— What you should do —
Working from the records below, return word for word the line that contains "2022年同步练习册湖南教育出版社高中地理选择性必修1湘教版" and each line after it, ending with the last. Skip all pictures.

Stored data:
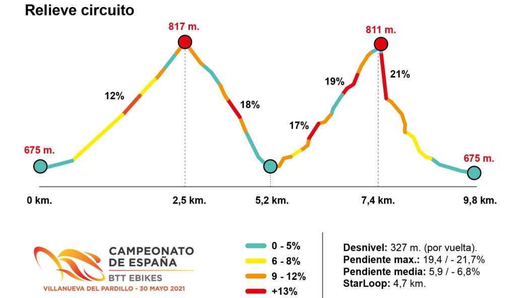 El Campeonato de España de BTT E-Bikes, que se celebrará el 30 de mayo en Villanueva del Pardillo, se desarrollará sobre un circuito completo de MTB XC de 9,5 km de longitud con un desnivel de 327 metros y rampas que superan el 21%. Las inscripciones ya están abiertas.
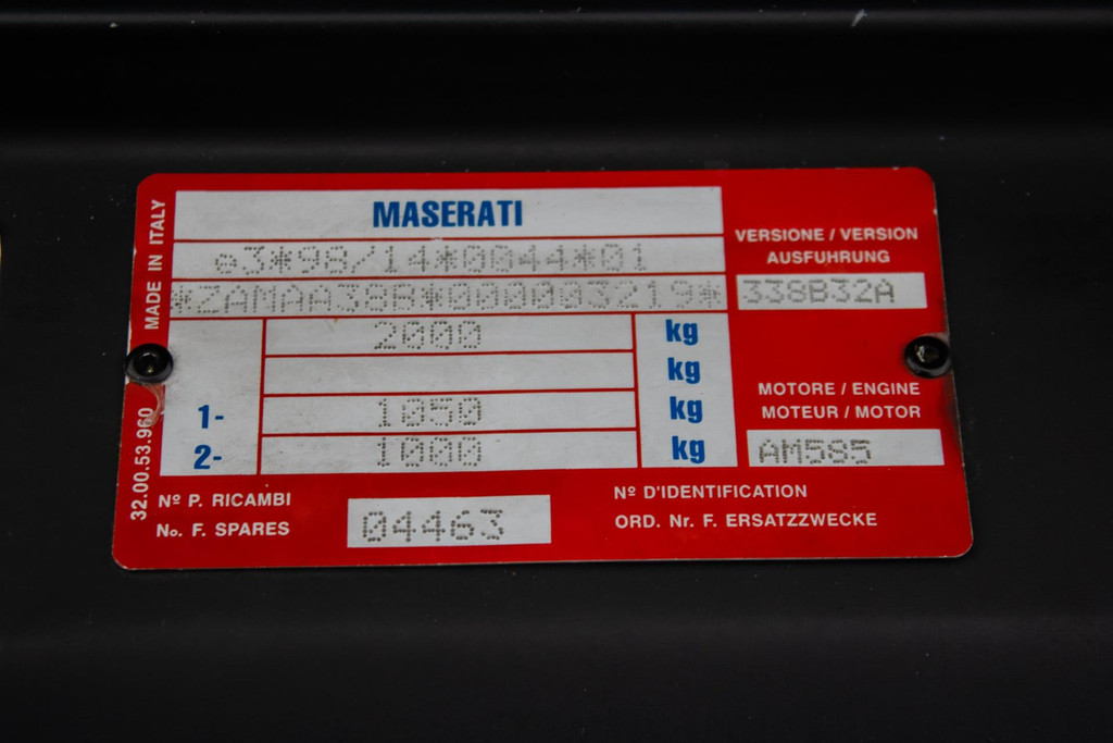 With only 29,168 kilometers on the odometer, this example is in exceptionally well-preserved original condition. The paintwork is deep and flawless, the interior immaculate, and both wheels and tires remain unmarked. All options and accessories function perfectly, while the air conditioning provides refreshing coolness, reflecting the meticulous care this Maserati has received.
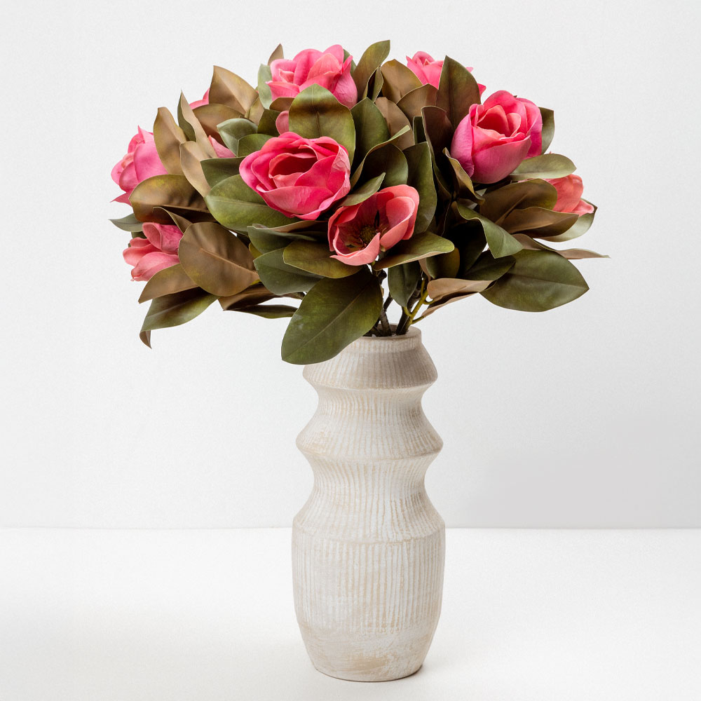 Το τεχνητό λουλούδι MAGNOLIA 83cm σε φούξια απόχρωση είναι μια εντυπωσιακή επιλογή για έντονες και μοντέρνες διακοσμητικές συνθέσεις. Το ζωηρό του χρώμα φέρνει ενέργεια και δυναμισμό σε κάθε χώρο, ενώ η ρεαλιστική κατασκευή από πολυεστέρα εξασφαλίζει φυσική όψη και υφή. Ιδανικό για statement ανθοσυνθέσεις, βάζα και βιτρίνες που θέλουν να ξεχωρίζουν, προσφέροντας στυλ και προσωπικότητα στη διακόσμηση.
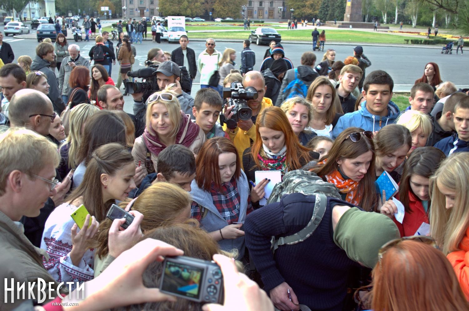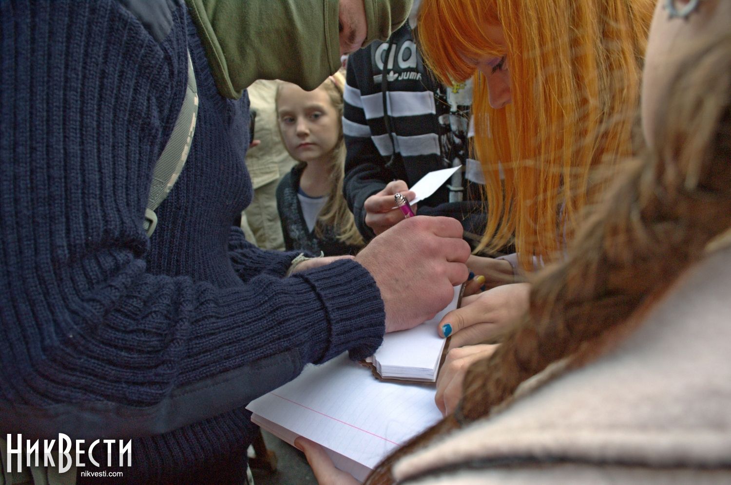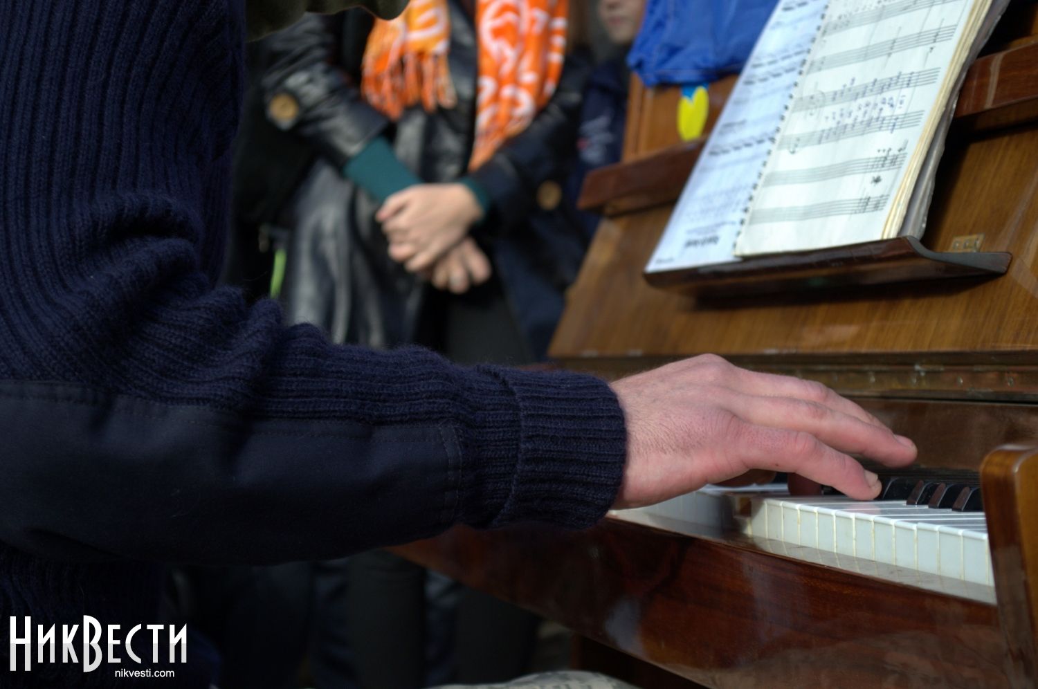 В какой-то момент музыкант попросил николаевцев подойти ближе, объяснив это тем, что ему необходимо чувствовать слушателей. И многие с искренней радостью откликнулись на эту просьбу. А кое-кто даже помогал «экстремисту» переворачивать листы с нотами.
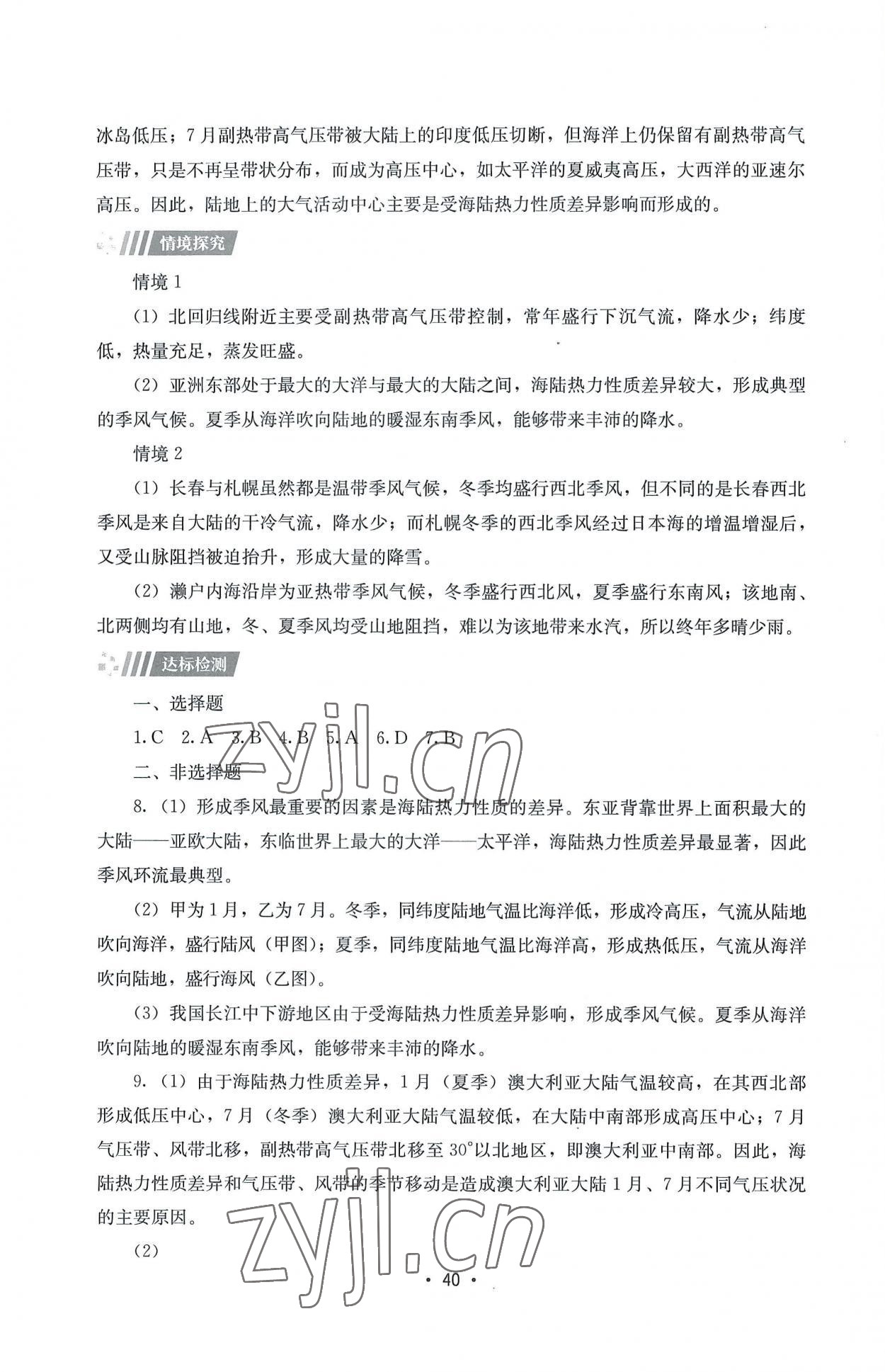 2022年同步练习册湖南教育出版社高中地理选择性必修1湘教版
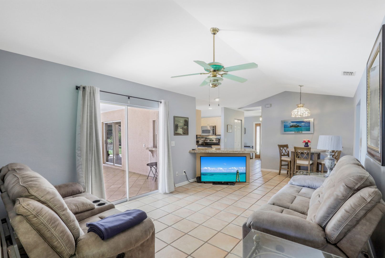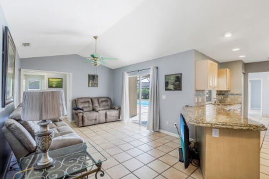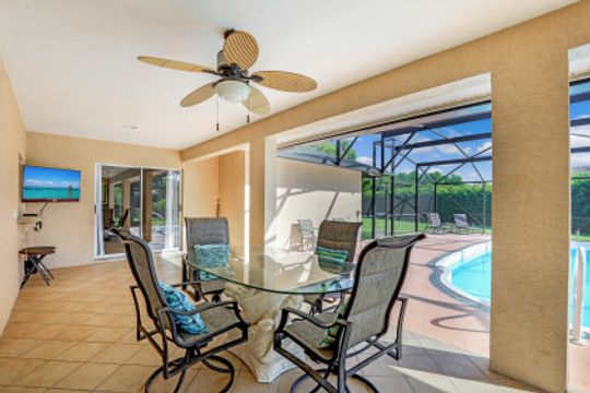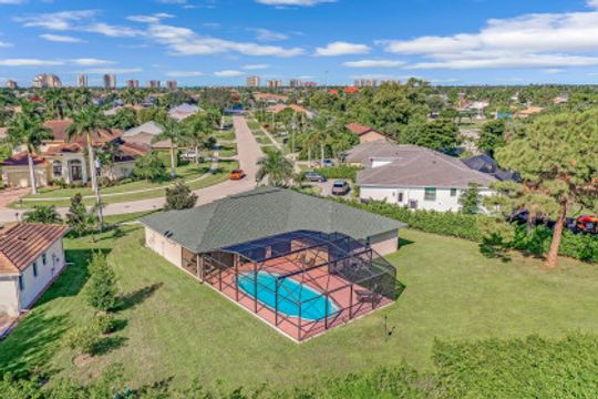 Custom built four-bedroom home situated on a large over-sized lot in a nice quiet neighborhood. Desirable split bedroom floor plan with spacious separate living / dining area and inviting family room with high vaulted ceilings. Kitchen includes granite counters, stainless appliances, pantry, breakfast nook and breakfast bar. Tile throughout for easy maintenance. Privacy door to guest bedrooms and bath. Expansive screened lanai with pool makes this the perfect place for relaxing and entertainment. Roof and screen enclosure replaced 2018. This residence is centrally located and close to local Schools, Mackle Park, YMCA, Library, and just a short distance to restaurants, shopping, Residents beach, and all that Marco Island has to offer.
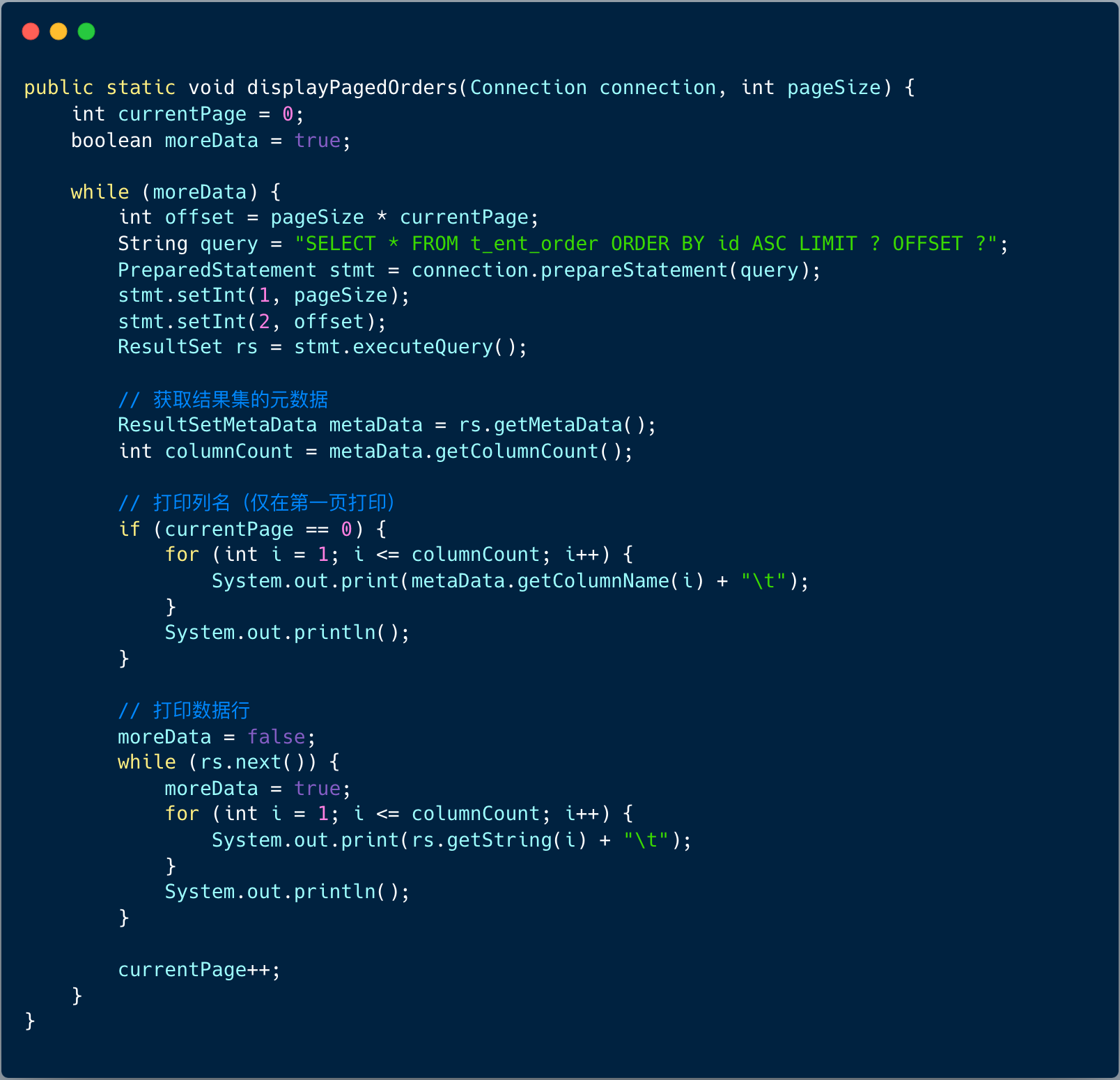 使用游标模式进行数据库查询,编程模型非常简单,可以有效地处理大量数据而不会一次性将所有数据加载到内存中,非常适合大数据量查询。
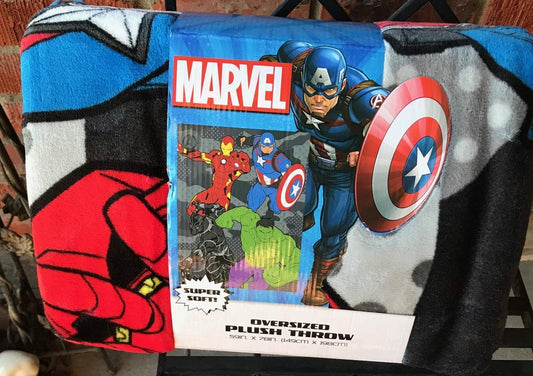 Marvel Avengers Captain America Hulk Black Panther Iron Man Oversized Plush Throw 59 x 78 inches
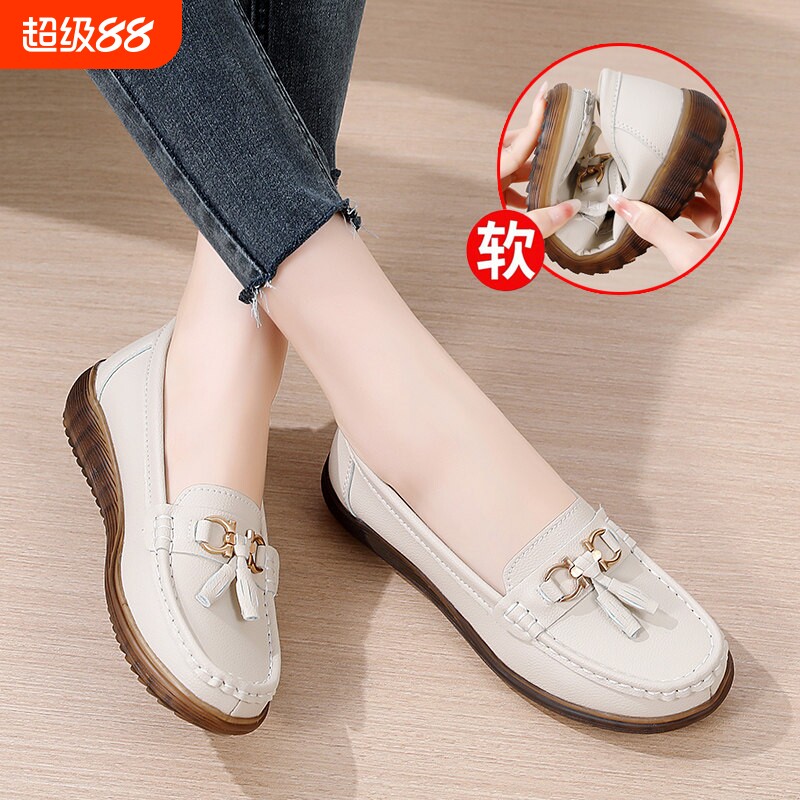 牛筋软底妈妈鞋春秋款舒适百搭平底防滑中老年女式真皮单皮鞋豆豆

— Expected answer —
 2022年同步练习册湖南教育出版社高中地理选择性必修1湘教版
 Custom built four-bedroom home situated on a large over-sized lot in a nice quiet neighborhood. Desirable split bedroom floor plan with spacious separate living / dining area and inviting family room with high vaulted ceilings. Kitchen includes granite counters, stainless appliances, pantry, breakfast nook and breakfast bar. Tile throughout for easy maintenance. Privacy door to guest bedrooms and bath. Expansive screened lanai with pool makes this the perfect place for relaxing and entertainment. Roof and screen enclosure replaced 2018. This residence is centrally located and close to local Schools, Mackle Park, YMCA, Library, and just a short distance to restaurants, shopping, Residents beach, and all that Marco Island has to offer.
 使用游标模式进行数据库查询,编程模型非常简单,可以有效地处理大量数据而不会一次性将所有数据加载到内存中,非常适合大数据量查询。
 Marvel Avengers Captain America Hulk Black Panther Iron Man Oversized Plush Throw 59 x 78 inches
 牛筋软底妈妈鞋春秋款舒适百搭平底防滑中老年女式真皮单皮鞋豆豆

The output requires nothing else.